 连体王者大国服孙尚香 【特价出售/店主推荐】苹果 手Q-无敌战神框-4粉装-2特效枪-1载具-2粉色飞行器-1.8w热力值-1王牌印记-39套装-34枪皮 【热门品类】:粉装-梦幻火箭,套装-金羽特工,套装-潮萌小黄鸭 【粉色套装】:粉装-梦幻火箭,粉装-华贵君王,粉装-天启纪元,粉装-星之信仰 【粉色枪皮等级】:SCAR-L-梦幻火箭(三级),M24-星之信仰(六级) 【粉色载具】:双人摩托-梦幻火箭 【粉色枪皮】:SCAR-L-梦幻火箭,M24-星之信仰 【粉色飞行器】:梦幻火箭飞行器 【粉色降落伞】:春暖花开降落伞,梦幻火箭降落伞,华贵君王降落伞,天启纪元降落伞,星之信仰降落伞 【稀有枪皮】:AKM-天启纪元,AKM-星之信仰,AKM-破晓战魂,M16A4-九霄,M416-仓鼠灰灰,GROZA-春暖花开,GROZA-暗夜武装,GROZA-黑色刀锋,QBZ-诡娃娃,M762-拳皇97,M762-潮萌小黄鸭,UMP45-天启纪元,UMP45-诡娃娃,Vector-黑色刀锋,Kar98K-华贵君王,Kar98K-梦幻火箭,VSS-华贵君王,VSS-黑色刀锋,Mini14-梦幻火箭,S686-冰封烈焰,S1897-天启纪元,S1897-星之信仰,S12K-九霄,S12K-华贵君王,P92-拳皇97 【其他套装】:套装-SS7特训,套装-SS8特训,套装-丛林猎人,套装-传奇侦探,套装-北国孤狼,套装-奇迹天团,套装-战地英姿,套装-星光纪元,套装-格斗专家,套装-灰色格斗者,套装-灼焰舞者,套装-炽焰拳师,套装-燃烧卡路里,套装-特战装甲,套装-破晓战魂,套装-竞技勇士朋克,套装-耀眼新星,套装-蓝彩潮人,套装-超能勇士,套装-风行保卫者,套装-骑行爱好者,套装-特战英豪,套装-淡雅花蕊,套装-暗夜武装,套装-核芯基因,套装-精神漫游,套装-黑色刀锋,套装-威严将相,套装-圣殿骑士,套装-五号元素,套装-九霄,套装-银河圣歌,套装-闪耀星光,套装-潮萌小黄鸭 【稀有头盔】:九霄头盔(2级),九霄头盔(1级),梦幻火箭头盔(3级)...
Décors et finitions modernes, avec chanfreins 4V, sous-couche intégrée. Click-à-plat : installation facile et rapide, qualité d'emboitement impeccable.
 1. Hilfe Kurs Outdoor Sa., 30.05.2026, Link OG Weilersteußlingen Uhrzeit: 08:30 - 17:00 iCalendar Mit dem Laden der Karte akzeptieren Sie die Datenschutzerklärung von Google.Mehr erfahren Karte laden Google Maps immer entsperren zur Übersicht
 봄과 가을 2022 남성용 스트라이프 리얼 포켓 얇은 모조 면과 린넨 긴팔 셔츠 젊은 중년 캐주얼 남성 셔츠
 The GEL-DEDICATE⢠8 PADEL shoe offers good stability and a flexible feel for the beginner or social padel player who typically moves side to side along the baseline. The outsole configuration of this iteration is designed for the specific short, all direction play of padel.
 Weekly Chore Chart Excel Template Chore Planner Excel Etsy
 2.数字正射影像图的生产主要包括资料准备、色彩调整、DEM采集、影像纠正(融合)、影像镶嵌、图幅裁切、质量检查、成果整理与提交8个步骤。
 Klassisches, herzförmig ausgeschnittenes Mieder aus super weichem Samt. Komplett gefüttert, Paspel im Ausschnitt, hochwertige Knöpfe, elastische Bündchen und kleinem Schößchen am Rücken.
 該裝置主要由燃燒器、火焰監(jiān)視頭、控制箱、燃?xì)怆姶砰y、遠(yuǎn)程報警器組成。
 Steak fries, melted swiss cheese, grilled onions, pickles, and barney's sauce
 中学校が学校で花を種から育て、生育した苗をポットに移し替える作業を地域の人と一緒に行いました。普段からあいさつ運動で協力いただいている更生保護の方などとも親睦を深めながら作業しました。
_ _ _ _ _ _ _
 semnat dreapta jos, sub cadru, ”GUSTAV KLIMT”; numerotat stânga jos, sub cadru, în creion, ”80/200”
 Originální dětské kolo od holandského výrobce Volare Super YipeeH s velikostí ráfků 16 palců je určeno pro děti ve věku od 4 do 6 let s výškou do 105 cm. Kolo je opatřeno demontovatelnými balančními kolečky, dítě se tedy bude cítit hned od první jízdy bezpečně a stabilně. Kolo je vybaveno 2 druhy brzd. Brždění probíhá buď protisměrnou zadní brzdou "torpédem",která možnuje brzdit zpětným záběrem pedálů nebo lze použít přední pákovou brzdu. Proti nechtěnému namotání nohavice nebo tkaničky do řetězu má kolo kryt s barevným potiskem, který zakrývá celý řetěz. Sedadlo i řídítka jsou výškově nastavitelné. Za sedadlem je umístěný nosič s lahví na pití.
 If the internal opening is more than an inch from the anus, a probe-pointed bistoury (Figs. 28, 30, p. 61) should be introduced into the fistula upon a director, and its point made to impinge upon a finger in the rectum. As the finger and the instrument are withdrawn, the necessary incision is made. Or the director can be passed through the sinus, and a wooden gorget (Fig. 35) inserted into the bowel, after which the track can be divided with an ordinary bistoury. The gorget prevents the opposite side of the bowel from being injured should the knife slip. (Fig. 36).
_ _ _ _ _ _ _
An exact copy of the lines above, from the one containing "semnat dreapta jos, sub" through the one containing "If the internal", is the whole of the answer.

**Response box:**
 semnat dreapta jos, sub cadru, ”GUSTAV KLIMT”; numerotat stânga jos, sub cadru, în creion, ”80/200”
 Originální dětské kolo od holandského výrobce Volare Super YipeeH s velikostí ráfků 16 palců je určeno pro děti ve věku od 4 do 6 let s výškou do 105 cm. Kolo je opatřeno demontovatelnými balančními kolečky, dítě se tedy bude cítit hned od první jízdy bezpečně a stabilně. Kolo je vybaveno 2 druhy brzd. Brždění probíhá buď protisměrnou zadní brzdou "torpédem",která možnuje brzdit zpětným záběrem pedálů nebo lze použít přední pákovou brzdu. Proti nechtěnému namotání nohavice nebo tkaničky do řetězu má kolo kryt s barevným potiskem, který zakrývá celý řetěz. Sedadlo i řídítka jsou výškově nastavitelné. Za sedadlem je umístěný nosič s lahví na pití.
 If the internal opening is more than an inch from the anus, a probe-pointed bistoury (Figs. 28, 30, p. 61) should be introduced into the fistula upon a director, and its point made to impinge upon a finger in the rectum. As the finger and the instrument are withdrawn, the necessary incision is made. Or the director can be passed through the sinus, and a wooden gorget (Fig. 35) inserted into the bowel, after which the track can be divided with an ordinary bistoury. The gorget prevents the opposite side of the bowel from being injured should the knife slip. (Fig. 36).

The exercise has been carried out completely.